All of the data should be repeated exactly; pictures are not part of the copy.

(INPUT DATA begins)

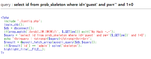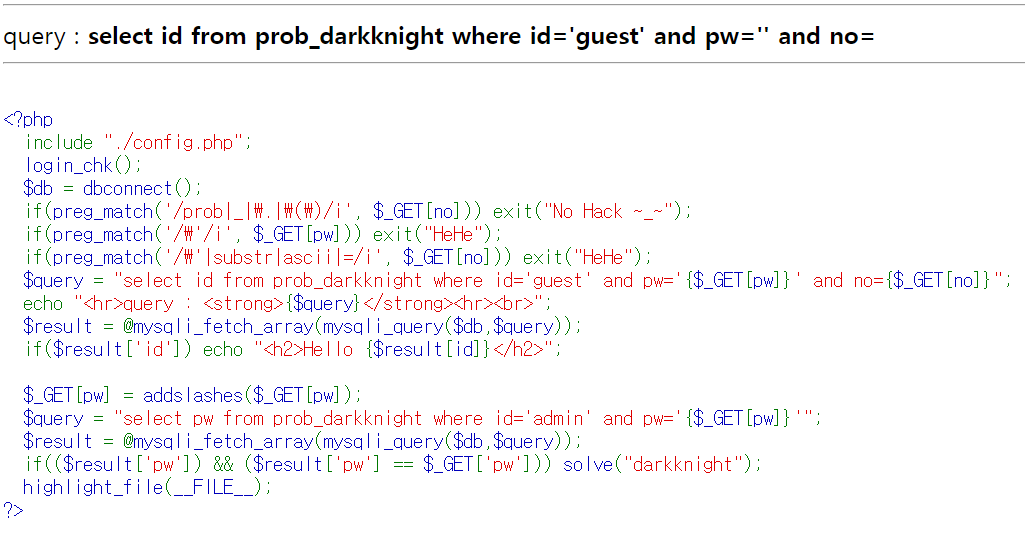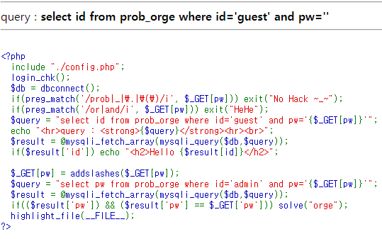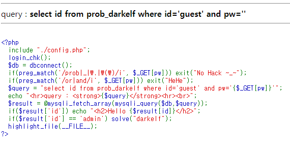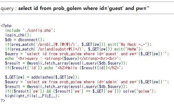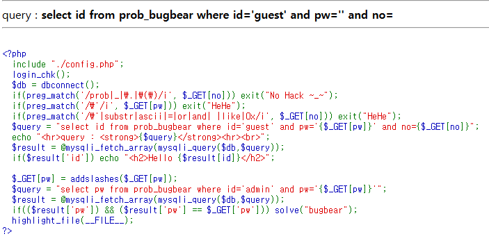 no 파라미터에 prob, _, ., () , ', substr , ascii , = , or , and , 공백( ), like, 0x 문자열 필터링pw 파라미터에 ' 필터링데이터베이스 구조형태 유추idpwnoguest??admin?? 지난 문제인 12번 문제에서 like가 필터링되는 부분이 추가된것 말고는 딱히 차이점이 없다. like말고도 비슷한 기능을 가진 연산자들로 필터링 우회를 하면 된다.LIKE 외에도 SQL 필터링을 우회할 수 있는 연산자와 방법들은 다음과 같습니다:REGEXP: 정규 표현식을 사용해 패턴 매칭을 할 수 있습니다.BETWEEN: 범위를 지정해 값 비교를 할 수 있습니다.IN: 여러 값을 조건으로 지정하여 OR 대체가 가능합니다., !=: = 대신 불일치 조건으로 사용.문자열..
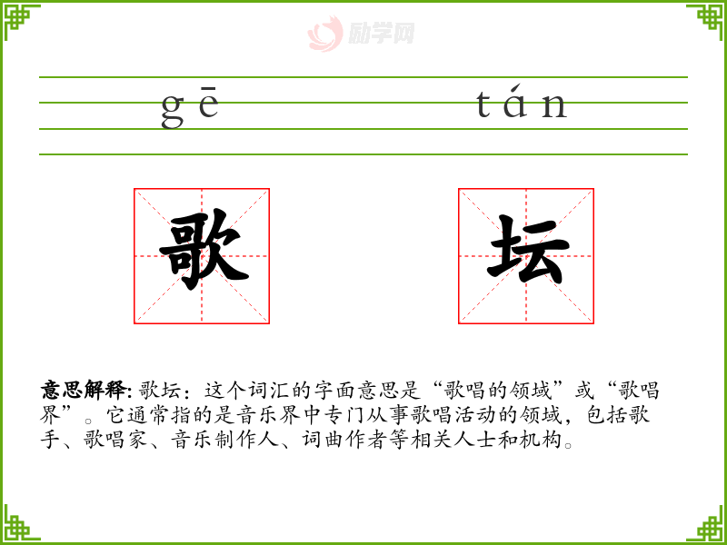 1.歌坛的拼音是什么?歌坛怎么读?
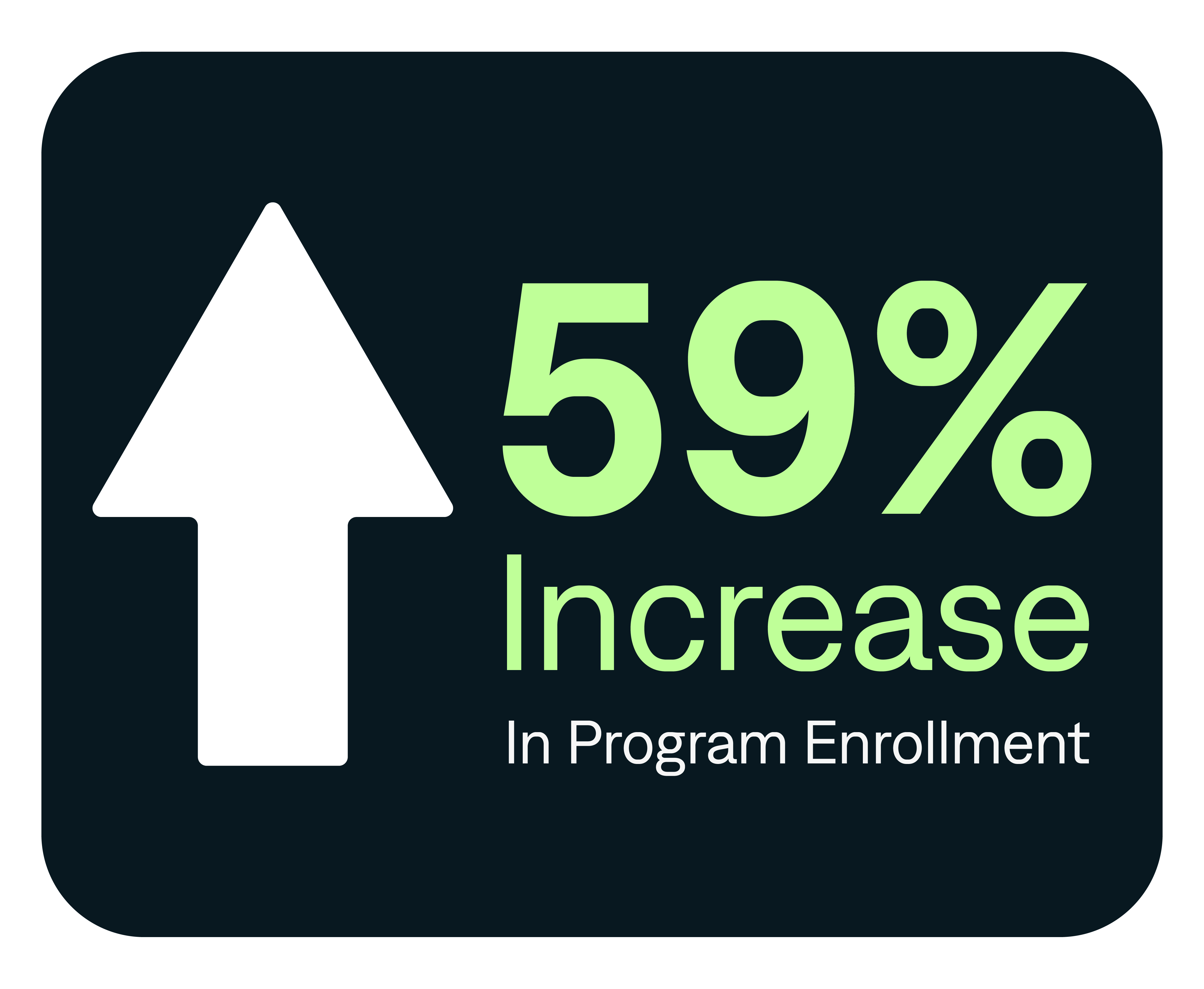 Program enrollment increased by 59%, achieved with only a 40% increase in staffing.

(INPUT DATA ends)

REPLY -
 no 파라미터에 prob, _, ., () , ', substr , ascii , = , or , and , 공백( ), like, 0x 문자열 필터링pw 파라미터에 ' 필터링데이터베이스 구조형태 유추idpwnoguest??admin?? 지난 문제인 12번 문제에서 like가 필터링되는 부분이 추가된것 말고는 딱히 차이점이 없다. like말고도 비슷한 기능을 가진 연산자들로 필터링 우회를 하면 된다.LIKE 외에도 SQL 필터링을 우회할 수 있는 연산자와 방법들은 다음과 같습니다:REGEXP: 정규 표현식을 사용해 패턴 매칭을 할 수 있습니다.BETWEEN: 범위를 지정해 값 비교를 할 수 있습니다.IN: 여러 값을 조건으로 지정하여 OR 대체가 가능합니다., !=: = 대신 불일치 조건으로 사용.문자열..
 1.歌坛的拼音是什么?歌坛怎么读?
 Program enrollment increased by 59%, achieved with only a 40% increase in staffing.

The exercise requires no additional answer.